The Arctic region is particularly sensitive to global climate change, experiencing warming at twice the rate of the global average. Anthropogenic pollution (e.g. aerosols, black carbon, ozone, and greenhouse gases), which to a large extent originates from the mid-latitudes, is suspected to be partly responsible for this warming. Atmospheric aerosols can alter the planetary radiation balance directly through scattering and absorption and indirectly through modification of cloud properties. These interactions depend on aerosol physicochemical properties. The Arctic cryosphere and atmosphere has undergone significant changes in recent decades, accompanied by reductions in anthropogenic emissions, especially in Europe and North America. These changes have important ramifications for the ambient Arctic aerosol. Understanding the direction and magnitude of recent changes in the Arctic aerosol population is key to elucidating the implications for the changing Arctic, although this remains a scientific challenge. Here we report recent trends for aerosol particle physical properties, which will aid in this understanding of the changing Arctic.

Measurement Site & Methods

All measurements were obtained at Villum Research Station (Villum, N 81^o36’ W 16^o39’ 24 m a.s.l) in northeastern Greenland. Particle number size distributions (PNSD) were measured using a Scanning Mobility Particle Sizer (SMPS) from 2010–2018.
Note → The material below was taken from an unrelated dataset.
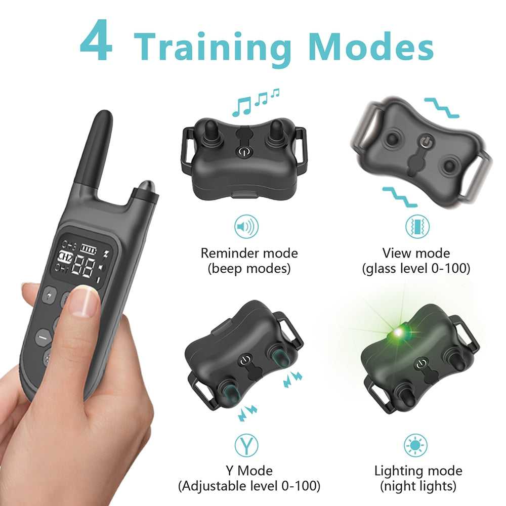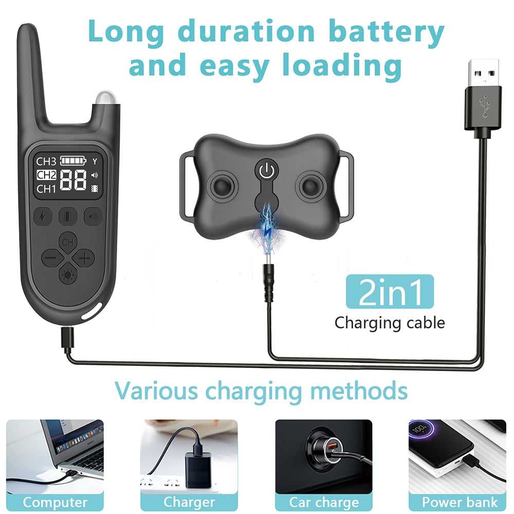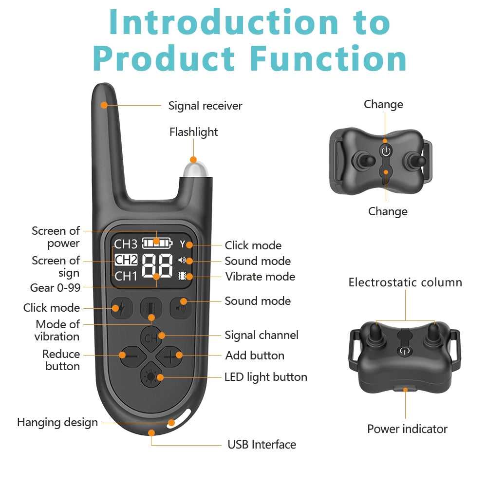 3. Electrostatic mode: It can adjust the electrostatic intensity in multiple gears (level 99) to give serious warning to the dog, and will not harm the twigs. The column cannot touch the skin)

We have utilized mode fitting on daily averaged PNSDs to characterize three distinct modes (Nucleation, Aitken, and Accumulation) along with geometric mean diameters (GMD) and number concentrations (PN) for each mode.

The trends in these parameters were identified and quantified using the Mann-Kendal test and Theil Sen slope on the 90^th % confidence interval. Trends in different months were analyzed using daily modal parameters.

Results

Statistically significant (s.s.) decreasing trends were detected for the Nucleation and Aitken modes GMDs in the winter, spring, and summer, with the only s.s. increasing trends occurring in the autumn. The Accumulation mode GMD showed a s.s. decrease in the spring and s.s. increase in the summer. For the PN of each mode, large s.s. increasing trends were detected for Nucleation and Aitken mode PN in the spring and summer. The Accumulation mode PN showed a small s.s. increase in the summer and a large s.s. decrease in the autumn.
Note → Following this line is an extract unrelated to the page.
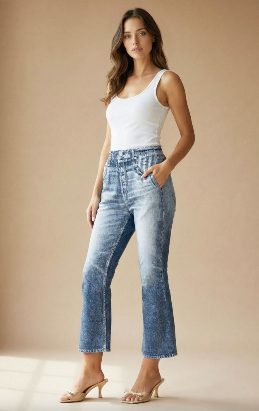 Wait till you try these — looks like denim, feels like pure ease! Crafted with advanced printing for that real-jeans illusion, they’re buttery-soft, breathable, and made for all-day comfort. Trendy bootcut legs and a pull-on waistband make them your new everyday essential. Inseam: 24 1/4"95% Cotton 5% Spandex

            These results show that ultrafine modes (Nucleation and Aitken) are decreasing in diameter while simultaneously increasing in number concentration. These trends are most likely related to changes in sea ice extent, as previous research has indicated a negative correlation between new particle formation and sea ice extent. The decrease in Accumulation mode GMD in spring (during the peak of the Arctic Haze) is possibly related to decreases in anthropogenic emissions, while the increase PN during summer could signal an increase in primary biogenic aerosol emissions from the ocean surface. The large decrease in Accumulation mode PN during autumn requires further investigation. 

            This work will help confirm trends of other aerosol components observed at other High Arctic sites and can offer insight into the climatic implications (i.e., radiative balance and cloud properties) for a future Arctic climate.